Je n’en voudrais pas de cet appareil génital, car en vérité je ne saurais pas quoi en faire. C’est trop encombrant ! Le fonctionnement semble bien compliqué et très obsédant. Je le sens pernicieux. On dirait un animal doué de vie personnelle (Léonard de Vinci me soutient (1)), pendouillant au bas du ventre comme un poulpe. Au gré des mouvements. Ni tout à fait à soi, ni tout à fait un autre. Déjà, je pense que ça doit démanger sans arrêt, y a qu’à voir les petits garçons qui tirent sur leur zizi comme des brutes ou qui le font durcir, pépères, en lorgnant sur le DVD de Petit Ours brun (allez comprendre !). Certaines mères poussent des cris d’orfraie, d’autres laissent faire – je fais partie de ces dernières, ayant décidé de ne jamais me mêler de ce que je ne comprends pas. Et puis, il a l’air tellement heureux comme ça mon petit. Pendant ce temps-là, il ne saute pas sur le canapé. Tiens, au fait, il me fait penser à son père quand il regarde le foot, affalé, heureux, une bière dans une main, l’autre enfouie dans son slip, se pinçant régulièrement le kiki : mais c’est un doudou ou quoi ce pénis ?! Mmmh. De plus, le service trois pièces ne semble guère aisé à ranger, ce qui occasionne des situations ridicules. Regardez le nombre de mecs qui n’arrêtent pas de se toucher les glaouis, de les remettre en place tout en continuant la conversation l’air de rien. Quelle élégance ! C’est un tic ? Ça grattouille ou ça chatouille ? Quelque chose s’est coincé ?
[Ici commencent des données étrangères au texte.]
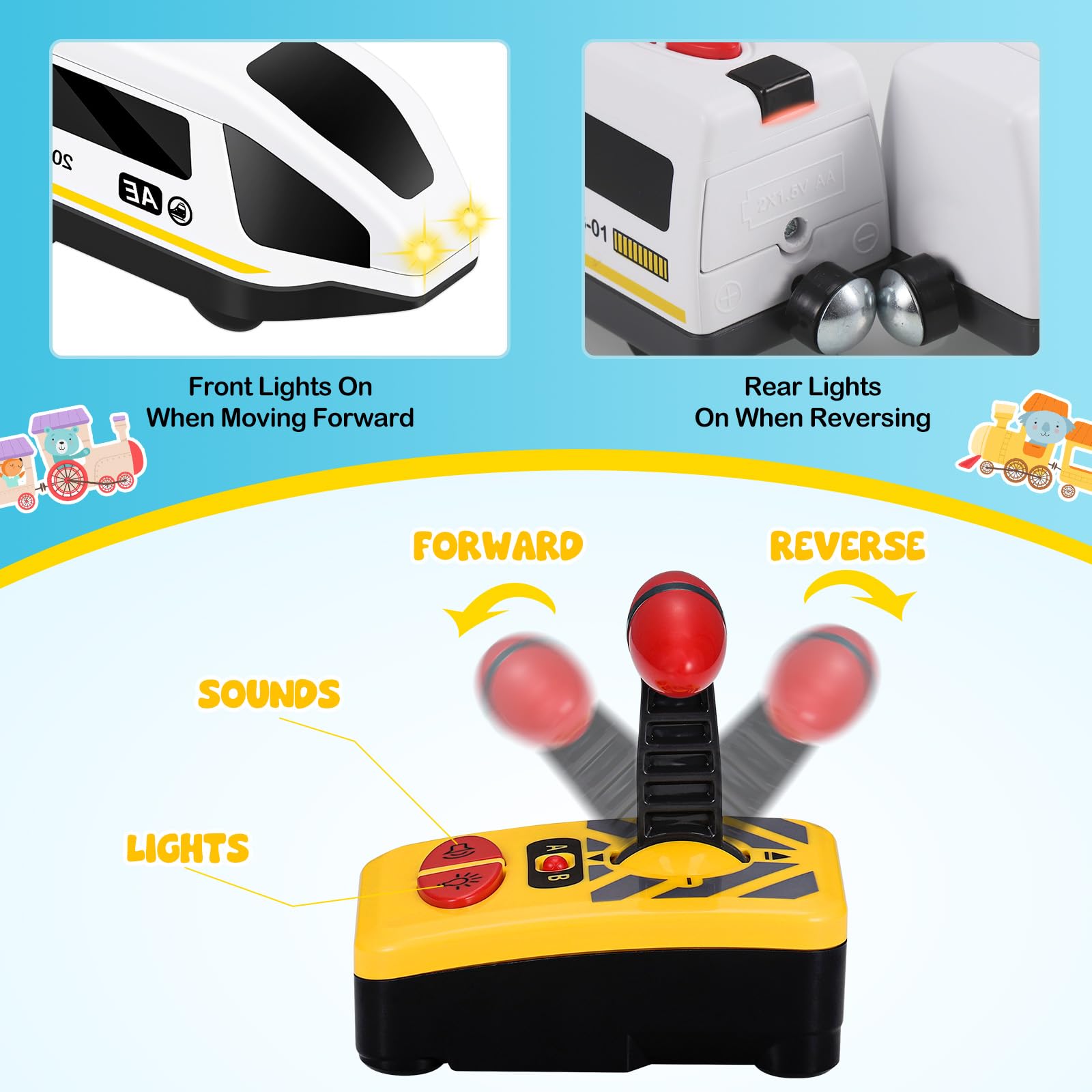 - 【Licht und Sound】 Diese Holzeisenbahn elektrisch bietet realistische Geräusche und blinkende Lichter, die den Zugfahrtsound und das Horn imitieren. Jedes Mal, wenn die Vorwärts- oder Rückwärts-Taste gedrückt wird, ertönt das Dröhnen des Zuges und die entsprechenden Lichter leuchten auf. Die Stopp-Taste erzeugt ein angenehmes Bremsgeräusch, was das interaktive Erlebnis für Kinder verstärkt und sie das Gefühl vermittelt, sich in einem echten Bahnhof zu befinden.

Monsieur Pénis part bouquiner
Si l’on connaît l’impact des pages lingerie féminine de La Redoute sur des générations de garçons pré-pubères, on mesure moins l’importance des pages slips dévorées par bon nombre d’entre nous, les filles, se préparant à appréhender au mieux la rencontre qui aura lieu avec « la chose », toujours mystérieuse malgré des flopées de frères ou de cousins. Rien à voir avec cette barre-là, sous le textile, ou avec ce gros sac joufflu entre les jambes.
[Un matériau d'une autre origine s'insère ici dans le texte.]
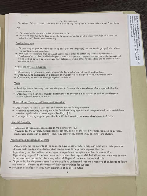 Document with pressing educational needs to be met by proposed activities and services including arts, foreign language, health and physical education, music, occupational training and vocational education, special education, and neighborhood educational centers.

Et l’érection ! Quelle invention épatante, fallait la trouver ! Encore un coup de Dieu et sa blague du libre arbitre. Indomptable, l’érection ! Vous dansez avec votre vieille cousine moustachue au mariage de votre frère, et là, allez savoir pourquoi, ping !, une érection. La cousine courroucée, et bégueule faut l’avouer, vous plante là devant tout le monde, une bosse à la braguette (encore véridique). En revanche, Monsieur Pénis répond parfois aux abonnés absents. Le type est là, amoureux, en plein désir de sa ou de son partenaire, et il essaie d’enfiler un préservatif. Monsieur Pénis refuse, gesticule, se rétracte et, une fois coiffé, ben il boude ou part bouquiner ou que sais-je encore… Bref, il ne veut pas aller sur le terrain, comme l’équipe de France. Même sans préservatif. Et le type en haut qui rame comme un malade, humilié doublement quand on lui susurre un condescendant : « Ce n’est pas grave mon chéri, on essaiera plus tard. » Sauf que plus tard, c’est trop tard ! Monsieur Pénis glousse et surgit en pleine forme dès que son proprio se retrouve seul. C’est reparti mon kiki pour l’incontournable branlette, histoire de se faire pardonner. Orgasme chronométré. Peut-être est-il possessif, jaloux à l’excès. Il veut que son patron lui appartienne.

Au garde-à-vous
L’humanité est accro au pénis. C’est une dictature. Organe trop chargé de symboles, trop guetté au tournant. Trop livré en pâture à certaines religions (couic !) ou à des préjugés sociaux dont la charte est impossible à tenir. Le pénis se doit d’être imposant et au garde-à-vous. Sinon, vous êtes un moins que rien. L’angoisse ! Certains tentent de biaiser avec des grosses bagnoles ou des Rolex, vous l’aviez compris. Ou rejoignent, la queue en bandoulière, des concours de micropénis ou de contorsion de l’organe, selon la taille. Bref, la preuve par l’organe qu’ils sont des vrais mecs. Non, vraiment, pour nous, les filles, c’est plus pratique, et, quand la libido s’absente, nous reste la technique dite de l’« étoile de mer (2) », quasi indétectable par le partenaire. Notre honneur reste sauf, nous au
moins on sait qui est au bout de la laisse ! Enfin, je crois.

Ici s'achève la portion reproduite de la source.